2. In Zigas v. Superior Court of Calif., 120 Cal. App. 3d 827, 174 Cal. Rptr. 806 (1981), a group of tenants living in a building that had been financed with a federally insured mortgage brought an action against their landlords, seeking damages for an alleged breach of a provision in their landlord's financing agreement with the Department of Housing and Urban Development. Among other things, the agreement forbade the charging of rents in excess of those set out in a HUD-approved schedule. The plaintiffs claimed their landlords, in violation of this provision, had collected excessive rents of more than two million dollars. The trial court dismissed the action on the grounds that the plaintiffs had no right to enforce the provisions of a contract between their landlords and the federal government. On appeal, it was held that the tenants did indeed have a cause of action, under the law of California, as third party beneficiaries. After a lengthy examination of the relevant precedents (in particular, Martinez v. Socoma and Shell v. Schmidt), Justice Feinberg summarized the court's reasons for upholding the plaintiffs' right to sue:
1. In Martinez, the contract between the government and Socoma provided that if Socoma breached the agreement, Socoma would refund to the government that which the government had paid Socoma pursuant to the contract between them. Thus, it is clear in Martinez that it was the government that was out of pocket as a consequence of the breach and should be reimbursed therefor, not the people to be trained and given jobs. In the case at bench, as in Shell, the government suffered no loss as a consequence of the breach, it was the renter here and the veteran purchaser in Shell that suffered the direct pecuniary loss.
2. Unlike Martinez, too, in the case at bench, no governmental administrative procedure was provided for the resolution of disputes arising under the agreement. Thus, to permit this litigation would in no way affect the "efficiency and uniformity of interpretation fostered by these administrative procedures." (Martinez v. Socoma Companies, Inc., supra, 11 Cal. 3d at p. 402, 113 Cal. Rptr. 585,521 P.2d 841.) On the contrary, as we earlier noted, lawsuits such as this promote the federal interest by inducing compliance with HUD agreements.
3. In Martinez, the court held that "To allow plaintiffs' claim would nullify the limited liability for which defendants bargained and which the Government may well have held out as an inducement in negotiating the contracts." (At p. 403, 113 Cal. Rptr. 585, 521 P.2d 841, fn. omitted.) Here, there is no "limited liability." As we shall point out, real parties are liable under the agreement, without limitation, for breach of the agreement.

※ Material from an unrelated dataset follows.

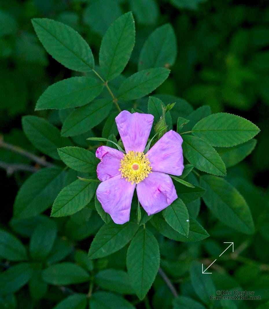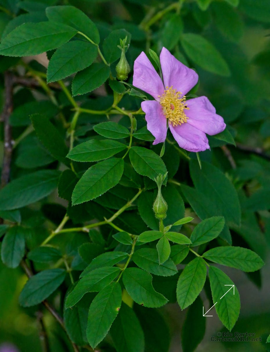 The swamp get a bit brighter and lighter as the shadows deepen in May. That’s when the swamp rose blooms.

4. Further, in Martinez, the contracts "were designed not to benefit individuals as such but to utilize the training and employment of disadvantaged persons as a means of improving the East Los Angeles neighborhood." (At p. 406, 113 Cal. Rptr. 585, 521 P.2d 841.) Moreover, the training and employment programs were but one aspect of a "broad, long-range objective" (id.) contemplated by the agreement and designed to benefit not only those to be trained and employed but also "other local enterprises and the government itself through reduction of law enforcement and welfare costs." (Id.)
Here, on the other hand, as in Shell, the purpose of the Legislature and of the contract between real parties and HUD is narrow and specific: to provide moderate rental housing for families with children; in Shell, to provide moderate priced homes for veterans.
5. Finally, we believe the agreement itself manifests an intent to make tenants direct beneficiaries, not incidental beneficiaries, of [the landlords'] promise to charge no more than the HUD approved rent schedule.
Section 4(a) and 4(c) of the agreement, providing that there can be no increase in rental fees, over the approved rent schedule, without the prior approval in writing of HUD, were obviously designed to protect the tenant against arbitrary increases in rents, precisely that which is alleged to have occurred here. Certainly, it was not intended to benefit the Government as a guarantor of the mortgage. . . .
Id. at 837-839, 174 Cal. Rptr. at 811-812.
Justice Feinberg noted in conclusion that
it would be unconscionable if a builder could secure the benefits of a government guaranteed loan upon his promise to charge no more than a schedule of rents he had agreed to and then find there is no remedy by which the builder can be forced to disgorge rents he had collected in excess of his agreement simply because the Government had failed to act.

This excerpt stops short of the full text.